The present invention relates to a natural filtration type filter with improved seawater filtration efficiency. More specifically, the supplied seawater passes through the filter medium under its own weight and water pressure to be filtered in a natural filtration type, and is filtered by natural filtration type through filtration by the filter medium and backwash water. By providing a plurality of filtering pipe assemblies in addition to the backwashing process, not only can seawater containing suspended matter such as mud be filtered more efficiently and cleanly, but also various pipes such as the filtering pipe assembly are made of PE material. This relates to a natural filtration type filter with improved seawater filtration efficiency that enables semi-permanent use.

Description

Natural filtration type filter with improved seawater filtration efficiency {NATURAL FILTERING TYPE FILTER OF SEAWATER FOR IMPROVING FILTERING EFFICIENCY}

The present invention allows the supplied seawater to pass through a filter medium under its own load and hydraulic pressure and be filtered in a natural filtration manner, by providing a plurality of filtering pipe assemblies in addition to filtration by the filter medium and backwashing process by backwash water, thereby eliminating mud. This relates to a natural filtration type filter with improved seawater filtration efficiency that allows more efficient and clean filtration of seawater containing suspended matter.

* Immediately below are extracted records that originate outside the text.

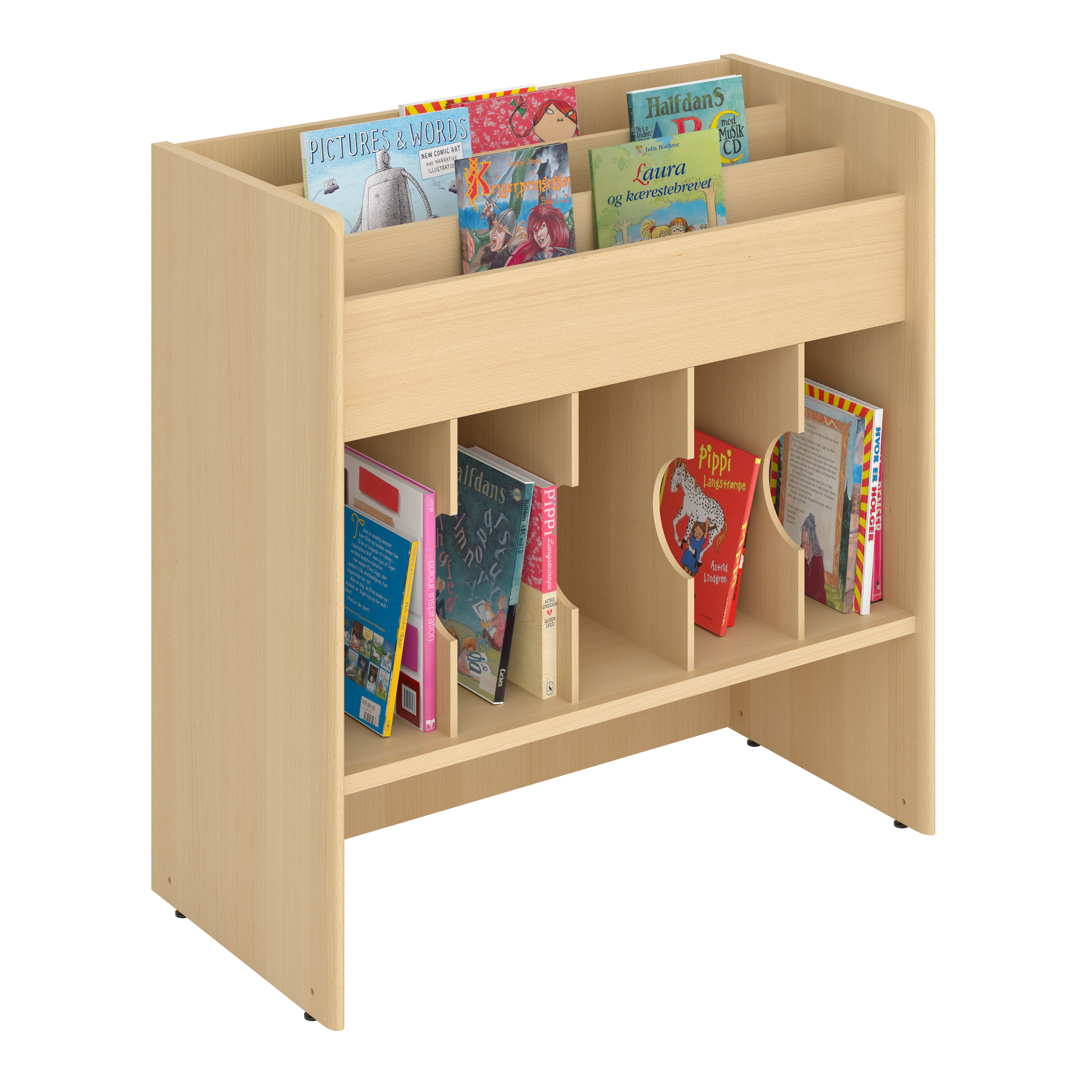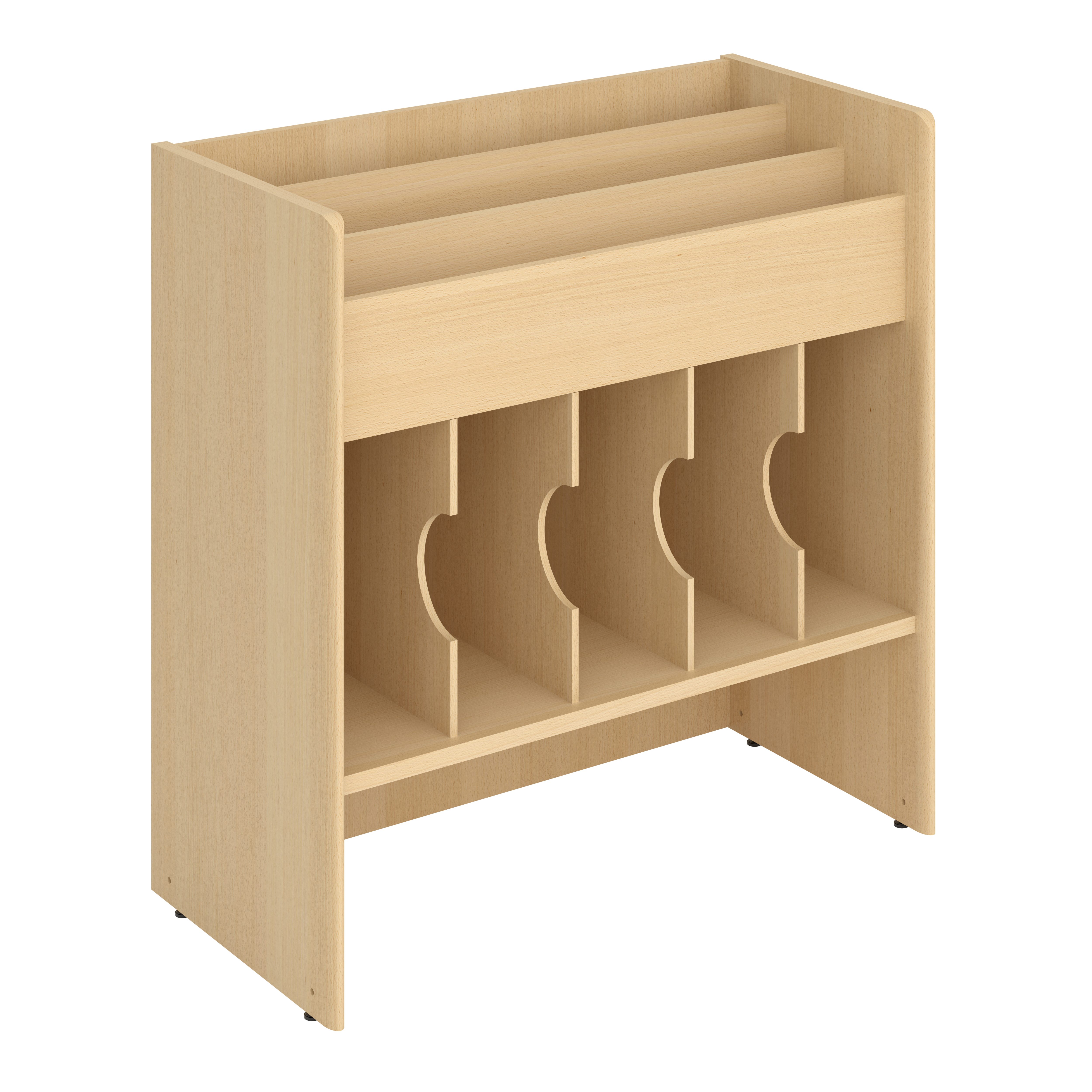 Bilderbuchtrog mit drei Präsentationsfächern oben und funf Aufbewahrungsfächern unten.
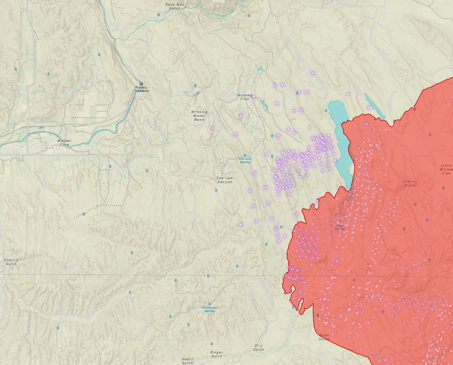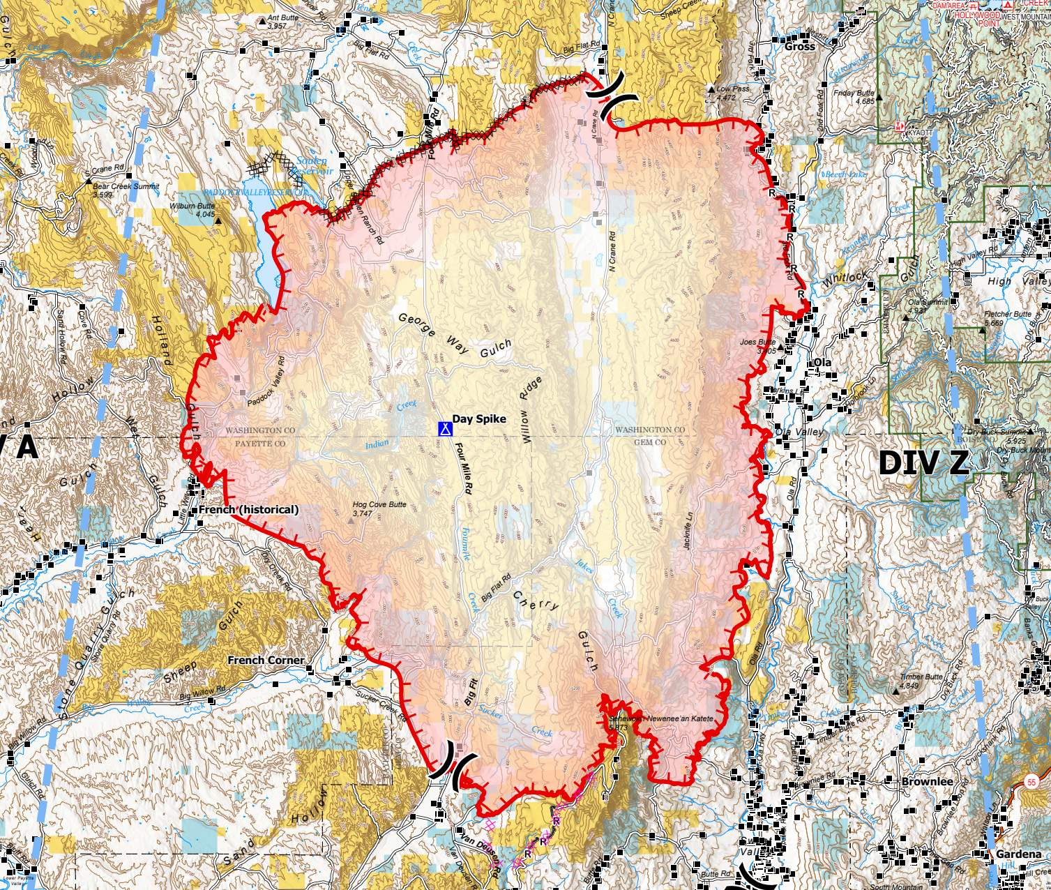 Swapping to one of my maps now, you can see the fire is growing west of Paddock Valley Reservoir today. Much of this afternoon's tanker work has been on this flank; it appears they're trying to hold South Crane, Skow, Sand Hollow, and a couple of other connecting roads to stop the fire prior to reaching the Weiser River. This will be done via a mix of tanker work, firing operations (aka burnouts or back burns), point protection, and strategic dozer work. I'm not on the ground there of course, so I can't say for certain, but I generally have a good feeling they'll hold their intended line given the situation and conditions as I understand them at the moment.
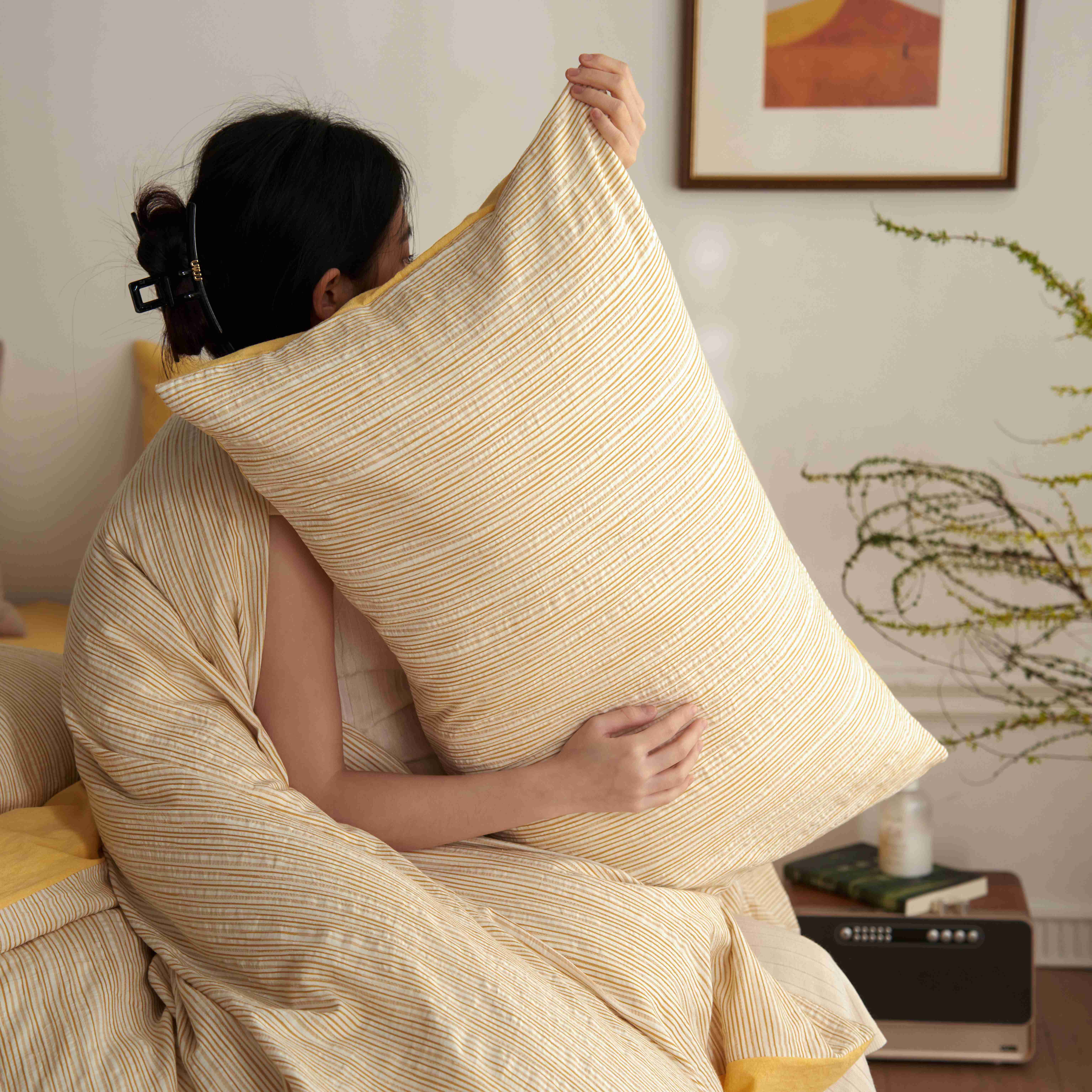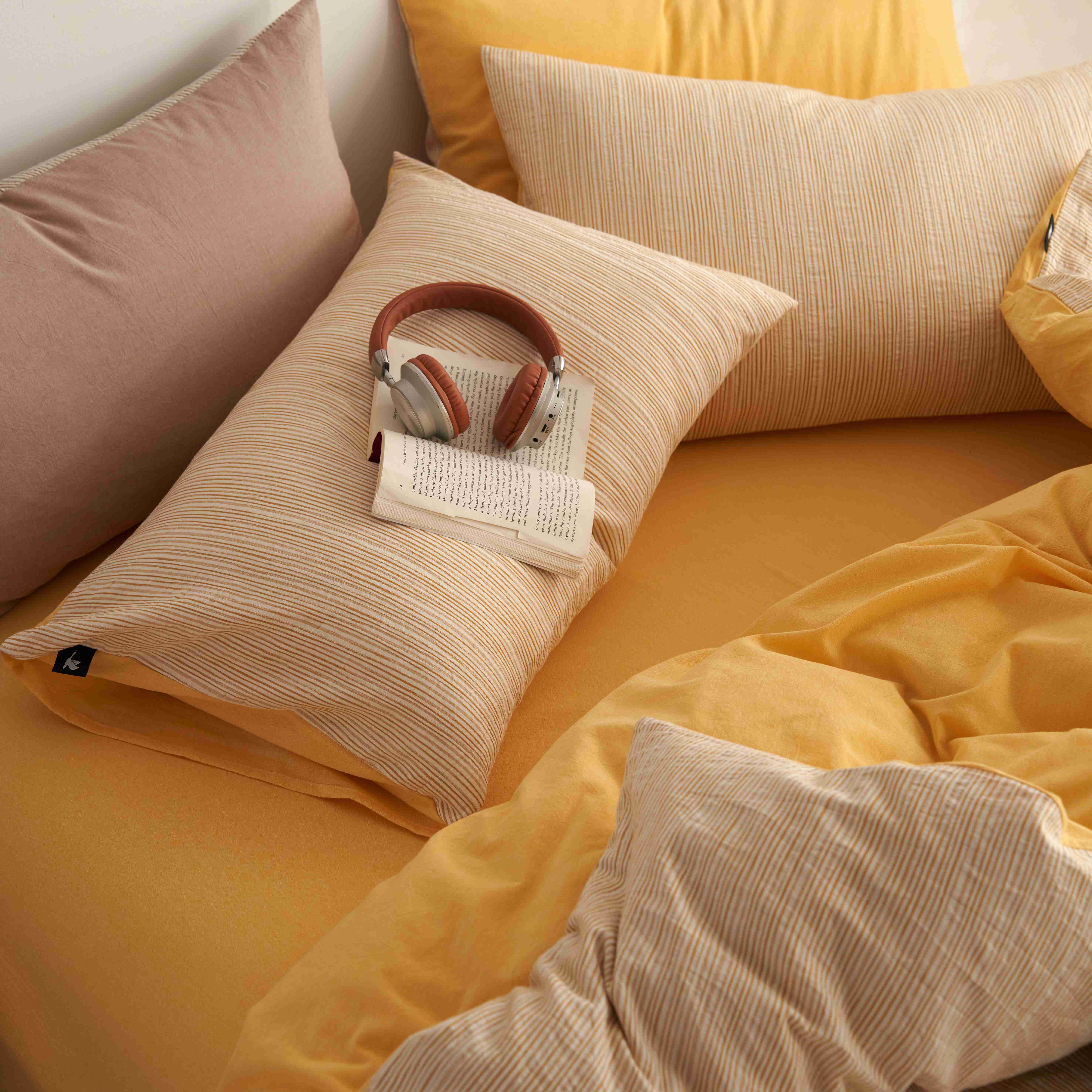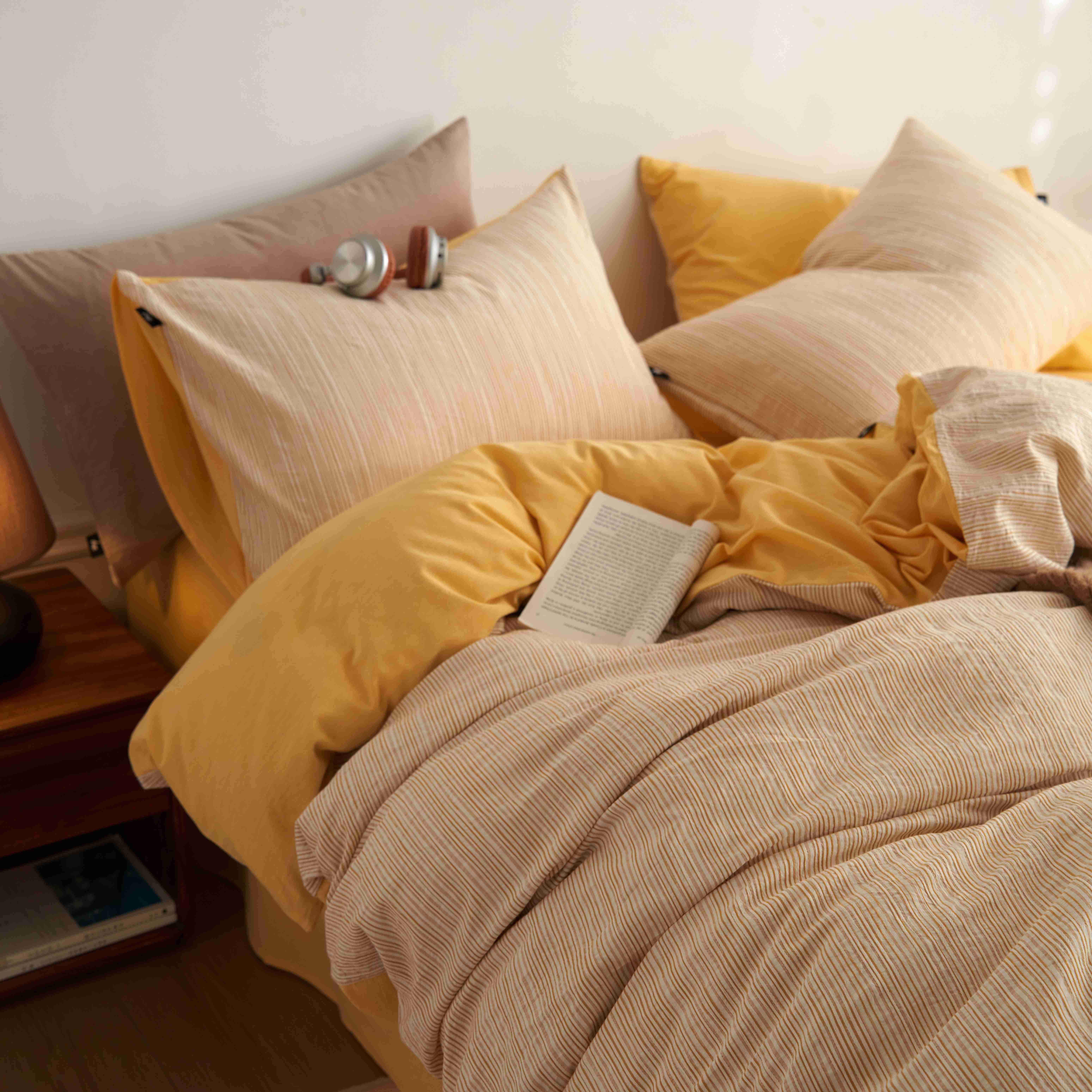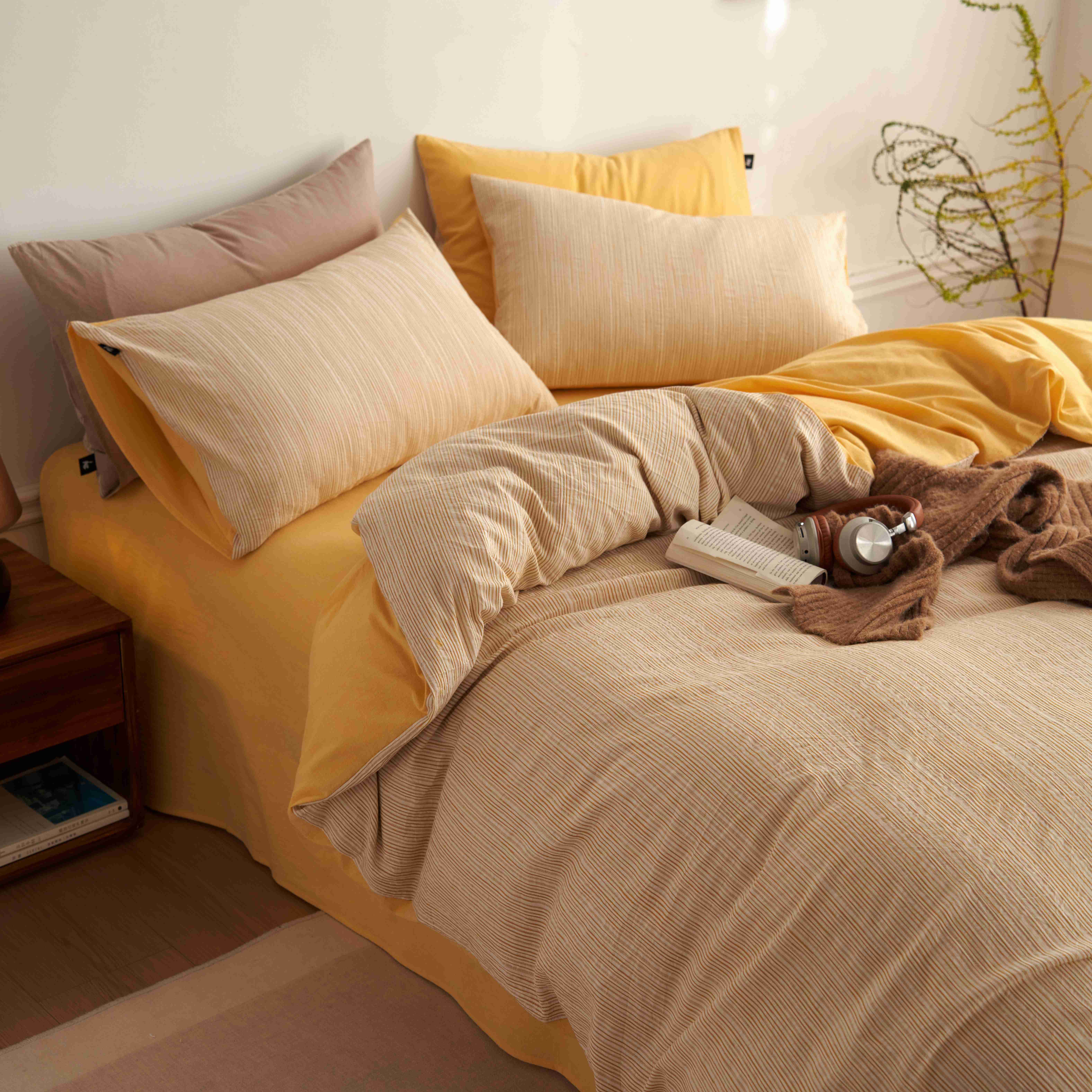 安莱生活 2025新款60s色织大提花秘境条纹四件套系列 驼黄混条

In general, seawater users in coastal areas, such as fish farms, fish markets, fishing grounds, and raw fish restaurants, require clean seawater.

Therefore, filtration of seawater is essential, and in Patent Document 1, as a related prior art, a filter is provided to remove suspended solids by introducing raw water containing suspended solids into a filtration device. However, if the filtration process continues, the pores in the filtration layer are formed. As the filtration process gradually becomes filled with suspended solids and the filtration resistance increases, the filtration process can no longer be continued. To prevent this, clean washing water is injected in the opposite direction of the filtration process to exclude suspended solids captured in the pores. A filter that can perform both was proposed.

In other words, the goal was to improve filtration efficiency by frequently washing the filtration layer through a backwashing process.

However, coasts with large tidal differences, such as the west coast of Korea, have a clayey texture, and this clay texture has mud-like suspended solids, so the conventional filter alone cannot completely filter out mud-like suspended solids, resulting in clean seawater. There was a problem that it was difficult to obtain.

Patent Document 1: Republic of Korea Patent Publication No. 10-0425050

The present invention was invented to improve the above problems, and allows the supplied seawater to pass through the filter medium under its own weight and water pressure and be filtered in a natural filtration manner, in addition to the filtration by the filter medium and the backwash process by backwash water. By providing a plurality of filtering pipe assemblies, not only can seawater containing suspended matter such as mud be filtered more efficiently and cleanly, but also various pipes such as the filtering pipe assembly are made of PE (polyethylene) material, making it semi-permanent. The task is to make it possible to use human resources.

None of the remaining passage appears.